The new hard-bound edition of the batting manual will probably include entire chapters on the reverse-sweep or the scoop. Twenty-five years after it was first played though, the badam shot might only get a passing reference.
A half-slog, half-flick over square-leg played by Yashpal Sharma off Bob Willis — one of the most enduring images of India’s 1983 World Cup semi-final victory over England — might well have been one of the earliest attempts of wood contemptuously greeting leather.
It’s difficult to put that shot in perspective, but that was surely the cornerstone of the semi-final win and, as it turned out, the World Cup victory itself.

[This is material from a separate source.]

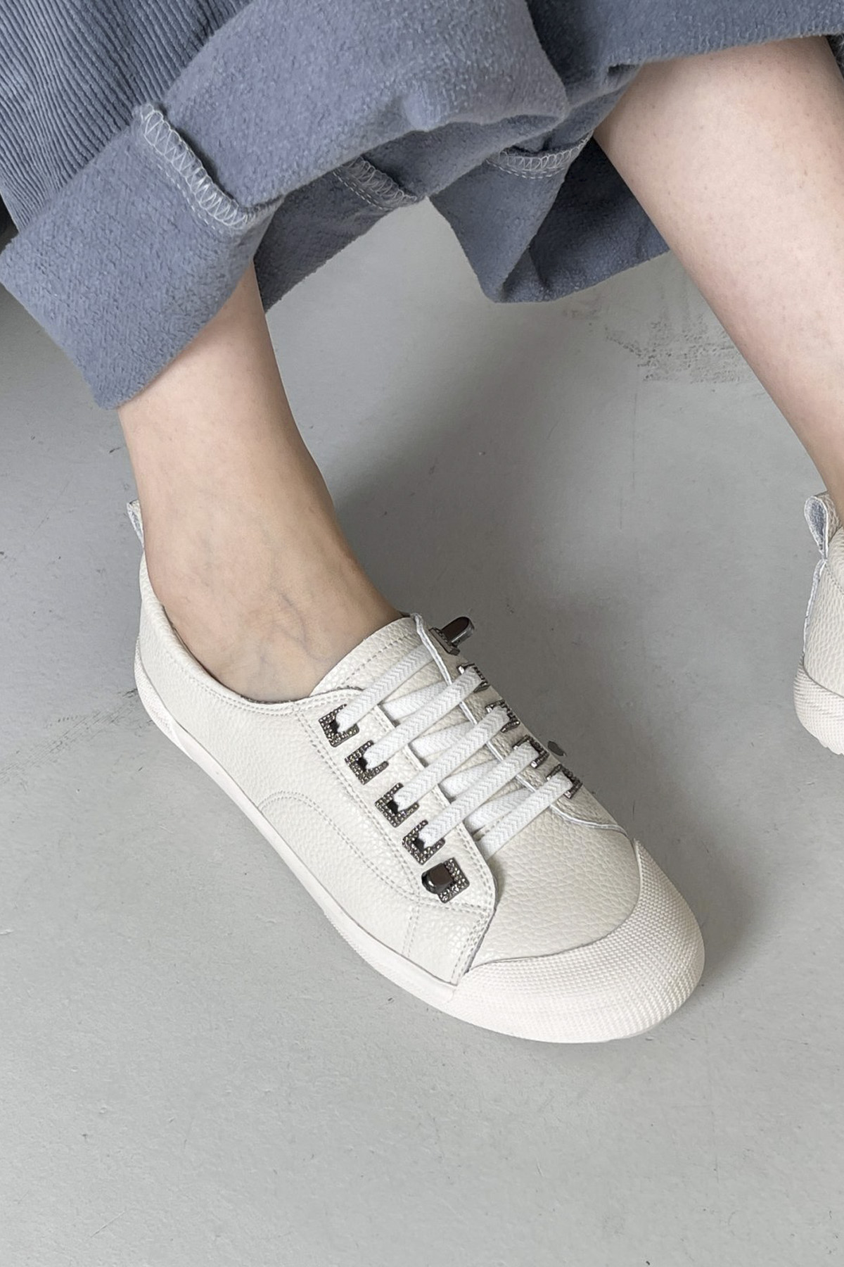 발볼 넓으시거나 발등에 살이 많으시더라도밴드 끈으로 발등 면 약간 늘려 착용 가능하시며동시에 발 퍼져보이지 않게끔옆고무로 사알짝 잡아주니 날씬한 스니커즈 신은 듯한 효과 확실하다 느끼실 거예요

Why is it called the badam shot? Thanks, obviously, to the inventor. The middle-order batsman says he got his confidence from eating khalis badam. “I still carry badam with me in my pocket. We all know about Kapil paaji, but badam was the secret of my energy,” he laughs.
The origins
It was exactly 25 years ago, on June 22, 1983, that Sharma walloped Willis as the bowler came for his second spell to deck up an innings of 61, but he remembers it vividly. “It was a matting shot, and I was pretty good at it. I realised that it was dangerous to hit fast bowlers over long-off, so I wanted a shot where I could use the pace of the bowler. Then I remembered Vivian Richards flicking the ball off his legs at the 1979 World Cup. That was the basic idea, and I started using my improvised variation in the nets. I even hit on my body a few times, but developed a fair judgment as to which deliveries I could play that shot on,” he says.
The moment
The 53-year old insists the shot was not premeditated. “It was purely instinctive. Jimmy (Amarnath) and I were trying to plan our chase and needed around 83 or 84 in the last 15 overs. Bob had a great first spell and came back into the attack. Luckily for me, very early on in that spell, he gave me an incoming delivery on my legs. I shuffled a bit and off it went. That shot turned the game. I got a lot of confidence, and the England team looked shattered. We reeled off the runs quite quickly after that.”
He played two crucial knocks in that World Cup — the other being an 89 against the West Indies in a group match — but unfortunately, only one was recorded. “I still have an old VHS tape of that semi-final. I have seen it many times. In fact, I’ve even shown it to my children several times. For me, that tape is a precious piece of memorabilia,” he says.
So come tomorrow, as the World Cup winners pop some champagne at the felicitation function, it’d be understandable if Yashpal Sharma pops a badam into his mouth instead.